You can dramatically improve read performance by enabling and sizing the block cache. This cache stores frequently accessed data blocks in memory, reducing the need to go to disk. Similarly, increasing the write buffer size can absorb bursts of writes more effectively, reducing the overhead of flushing data to disk and merging it later. Enabling compression, like Snappy, reduces the disk footprint but adds a small CPU overhead during reads and writes. The increaseParallelism setting controls how many background threads RocksDB uses for tasks like compaction, which can be beneficial on multi-core systems.
One common performance bottleneck, especially with high write volumes, is the frequency and cost of background compactions. RocksDB uses compactions to merge SST (Sorted String Table) files, which are the on-disk data files. If compactions can’t keep up with the write rate, the number of SST files can grow, leading to slower reads and increased disk I/O. Tuning writeBufferSize, maxWriteBufferNumber, minWriteBufferNumberToMerge, and levelCompactionDynamicLevelBytes can significantly impact compaction performance. For instance, larger write buffers mean fewer, larger flushes, which can be more efficient for RocksDB to manage.

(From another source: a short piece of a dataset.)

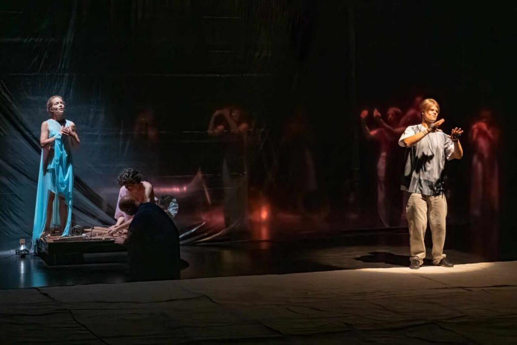 Festivali avaetendusel „The Rise” alapealkirjaga „Žesti kõla” sain teada, et on olemas eraldi rahvusvaheline poeetiline viipekeel (Poetry Sign), ja seda ka nautida. Viipekeelse mittekuuljast jutuvestja Ruben Granditsi žestid olid plastilisemad, suuremad ja hõlmasid palju rohkem kogu keha kui harilik viipekeelne vestlus või tõlkimine. (See viimane on teinud nii mõnigi kord põnevamaks muidu ehk halli ja ettearvatava teatritüki jälgimise.) Granditsi puhul oli liigutuste dünaamiline skaala väga lai ja kuna viipekeele mitterääkijatele kuvati enamasti seinale inglis- ja saksakeelset tõlget, tundsin palju rõõmu mõistete ja liigutuste kokku viimisest. Tema jutustatud tekst, mis põhines luuletaja Louise Glücki müütilise sisuga tsüklil „Averno”, sai lavastuse muusika ja liikumiskeele lähtepunktiks. Muusikat tõlgiti motiiviteooriapõhiselt ka tagasi visuaalseteks märkideks. Helilooja Eva Reiter, kes osales ka lavastajana, kasutas vibreerivaid põrandaplaate ja enda välja arendatud spetsiaalseid instrumente, nagu hiiglaslik poognatega mängitav monokord, orelilaadne lõõtsaga toimiv pill, ning ka tuntumaid, nagu metallpulgad või plasttorud (mängijateks Ictus Ensemble’i muusikud). Jutuvestja viiplevate käte külge olid kinnitatud mikrofonid ja sensorid, millest saadav info transformeerus elektrooniliseks helitaustaks. Osalesid tantsijad (koreograaf Michiel Vandevelde), kes liikusid samuti neil plaatidel, teose lõpus kõlas sopranisoolo koos viipepoeesiaga. Vahepeal viiplesid kõik etendajad koos, hoides näo ees suurendusklaase, et juhtida tähelepanu sellele, kui oluline osa on viipekeeles näoilmetel.

After tuning RocksDB, you might encounter issues related to the Operating System’s file descriptor limits. RocksDB opens many files for its SST tables. If your ulimit -n (number of open files) is too low, your Kafka Streams application can crash with Too many open files errors, which might manifest as RocksDB exceptions or general application instability.